_DATA TO EXAMINE:_
● ● ● ●
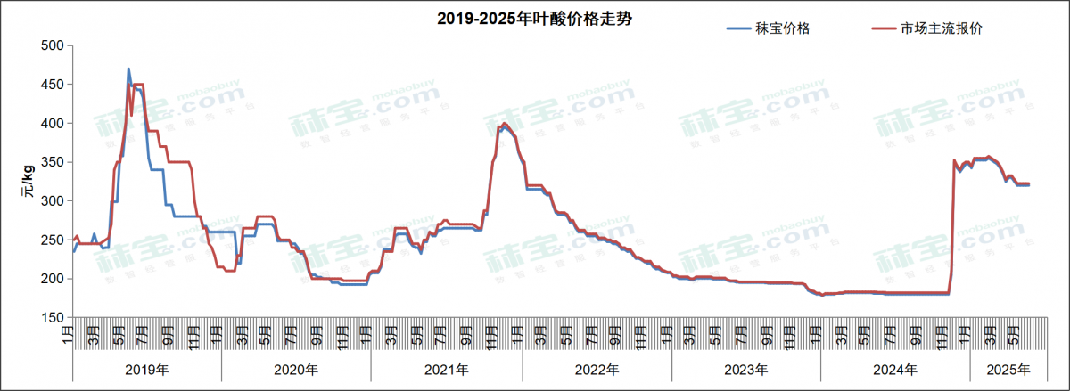 本周国内叶酸市场主流价格315-330元/kg。叶酸厂家维持高位报价,下游需求清淡,市场渠道报价相对坚挺。后期需关注厂家生产情况和前期订单执行进度。
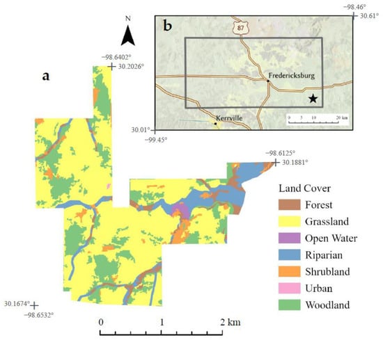 Gillespie County study area (red rectangle) in Texas, USA (a) and land cover map of Gillespie County (b) using Ecological Mapping System of Texas [].
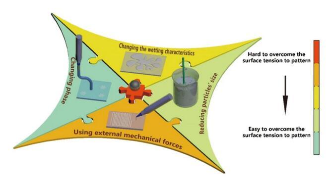 圖1克服液態金屬表面張力的四種策略及其成型的難易程度
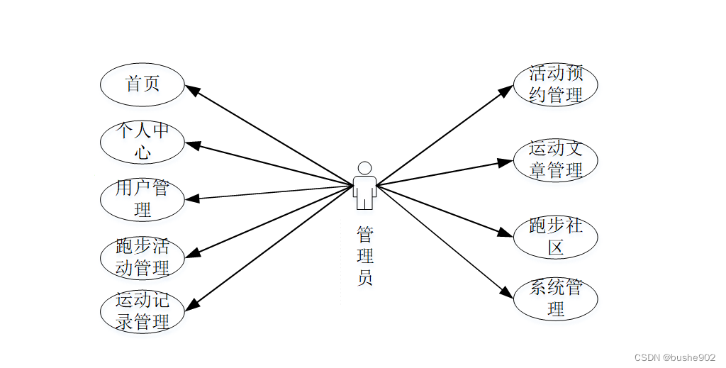 (a) 管理员;管理员使用本APP涉到的功能主要有:首页、个人中心、用户管理、跑步活动管理、运动记录管理、活动预约管理、运动文章管理、跑步社区、系统管理等功能。管理员用例图如图3-1所示。
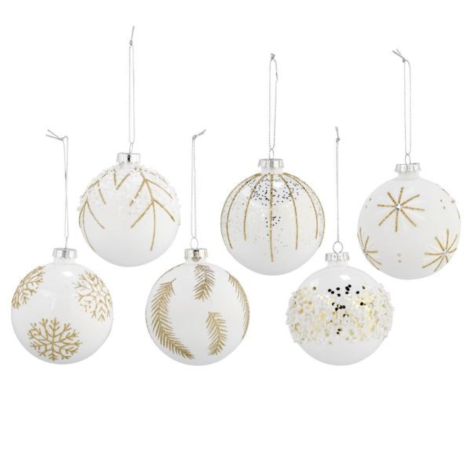 Set Of 6 Assorted White With Different Gold Patterns Ornament
● ● ● ●
_WORK ITEM:_ Return the lines exactly as they stand, from the start of the entries through the line holding "圖1克服液態金屬表面張力的四種策略及其成型的難易程度"; omit the pictures.

_ANSWER TO THE EXERCISE:_
 本周国内叶酸市场主流价格315-330元/kg。叶酸厂家维持高位报价,下游需求清淡,市场渠道报价相对坚挺。后期需关注厂家生产情况和前期订单执行进度。
 Gillespie County study area (red rectangle) in Texas, USA (a) and land cover map of Gillespie County (b) using Ecological Mapping System of Texas [].
 圖1克服液態金屬表面張力的四種策略及其成型的難易程度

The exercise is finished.